LGBT+ History Month with Corinne Humphreys & Michael Gunning

Subject: Equality & Diversity

I enjoyed listening to these two speakers. Each had a different story. Each worth a listen.

Negative: they didn’t record the Q&As.

Positive: it’s therefore very short!

Rating: 4.5 out of 5.

Waves and resonance: from musical instruments to vacuum cleaners, via metamaterials and invisibility cloaks, Professor Jon Chapman

Subject: Mathematics

This lecture has everything: good graphics, visual aids, and a range of topics. It’s on the more technical side, but I was still able to follow it enough. And it’s excellent to know how invisibility cloaks could work.

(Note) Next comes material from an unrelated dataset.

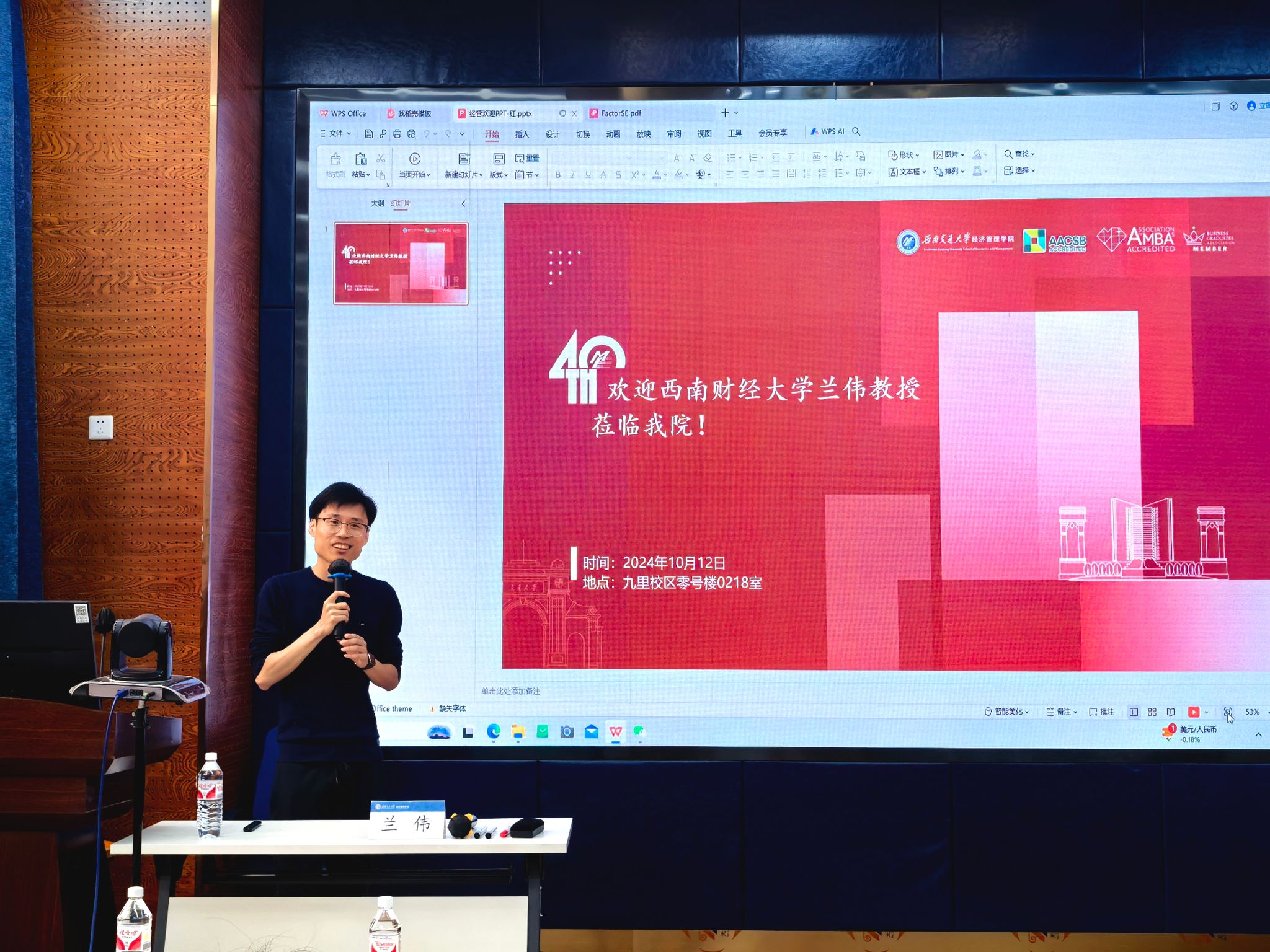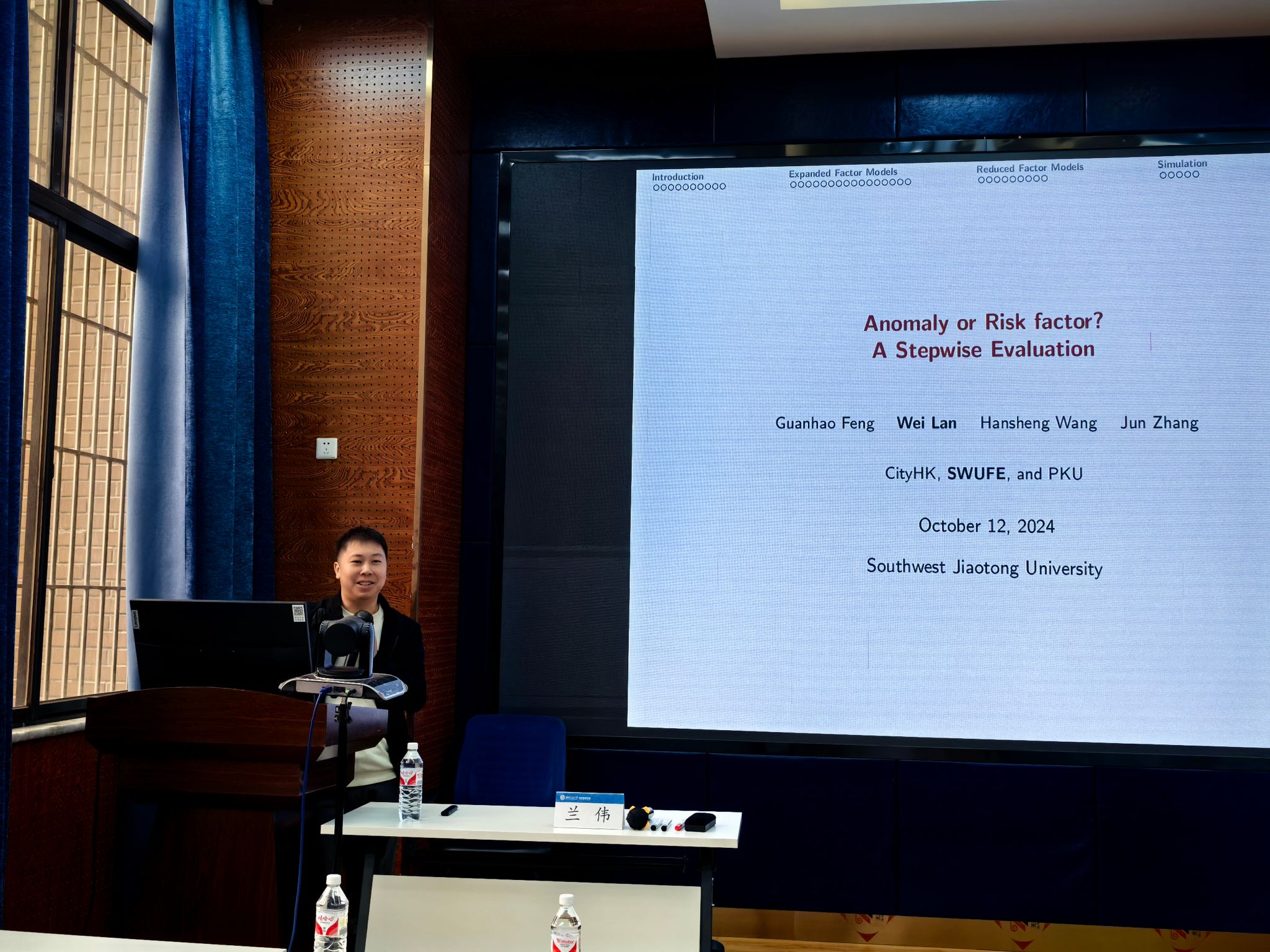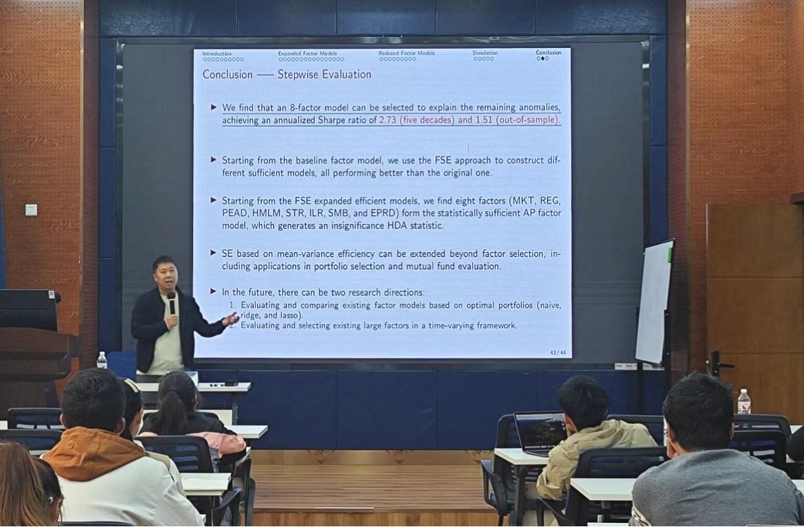 2024年10月12日上午,西南财经大学统计学院副院长兰伟教授应邀在九里校区球王会体育为球王会体育师生带来了一场题为“大规模金融因子评估和筛选”的学术讲座。本次学术活动由球王会体育副院长马锋主持,学院部分教师及研究生参加此次讲座,马锋副院长介绍了兰伟教授学术成果,并对兰伟教授到来表示欢迎与诚挚的感谢。

NB. To find the lecture in the link below use Ctrl+F and search for Chapman.

Rating: 5 out of 5.

How Plants Do it: Light, Oxygen, Action! Professor Vittal Yachandra

Subject: Biology

I loved this lecture. It’s a simple topic, but you realise how little we actually know about photosynthesis and how it’s crucial in understanding how we can help the planet. It also gives a good picture of the life of a scientist and how much progress in technology has helped scientific research. And he’s got a great sense of humour.

Rating: 5 out of 5.

Things are going downhill fast: Understanding massive landslides by Professor Dave Petley

Subject: Geography

This lecture really highlights the devastation that landslides cause, and give a real depth of knowledge of different types of landslide. One downside: the videos don’t work. BUT you can look them up on YouTube. Sadly this means that it takes more effort than it should. But the landslides are horrifically fascinating.

Rating: 4.5 out of 5.

The Creativity Code: How AI is learning to write, paint and think, Professor Marcus du Sautoy

Subject: Artifical Intelligence

This lecture really makes you think about what we deem as “art”. There’s also some good testing/surveying of the audience, so you can join in too. You can expect Marcus du Sautoy to give a good lecture and he does.

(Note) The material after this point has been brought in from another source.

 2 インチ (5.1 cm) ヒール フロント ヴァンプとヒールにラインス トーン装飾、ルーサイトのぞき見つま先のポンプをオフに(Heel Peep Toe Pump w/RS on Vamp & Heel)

NB. to find the lecture use Ctrl +F on the linked page.

Rating: 5 out of 5.

Should the UK grow more food? Professor Tim Lang

Subject: Sustainability

This is a life changing lecture. Well, it got me back buying a veg box again. But it does make you think about what we eat, even if it sometimes leaves me more confused about what I should purchase. I love his holistic approach to sourcing food. And he is clearly so passionate about this subject.

This is a pre-COVID lecture, so I would love to hear his thoughts now. This is probably possible, but I haven’t followed this chain of thought further.

NB in the link below it’s the 2019 lecture.

Rating: 5 out of 5.

Everything from nothing: how our universe was made by Professor Carlos Frenk

Subject: Cosmology

We really liked this lecture. Prof Frenk adds an excellent storytelling patter to a complex subject. And he’s quite humorous. The topic of “the Universe” is wonderful. The graphics are fantastic. We learnt a lot.

Plus we loved the title. Spoiler alert: Prof Frenk did not make the universe.

Rating: 5 out of 5.

How to choose a lecture

These are the things we have learnt to do whilst choosing a lecture:

  • Step 1: get your search engine going! I’ve found the easiest way to find them is to search for an institution and go through their public lectures. Watch out! A lot of public lectures on websites are details of lectures which are in person only. Feel free to go to these if you can, but I’m usually looking for ones that have been recorded.
  • Pick random: go for a topic that you really know nothing about. They have been some of our most enjoyable.
  • Book promotion: we’ve learnt to avoid lectures that promote a book. We’ve watched lectures based around a book and they tend to not say very much except “read my book”. We have, however, had some good book recommendations through these lectures. But it’s not why we watch a lecture.
  • Era: personally I like to see a lecture theatre full of people, rather than a zoom lecture made in lockdown. I’m the same with my general TV viewing. Not that zoom lectures are bad – they just make me feel sad.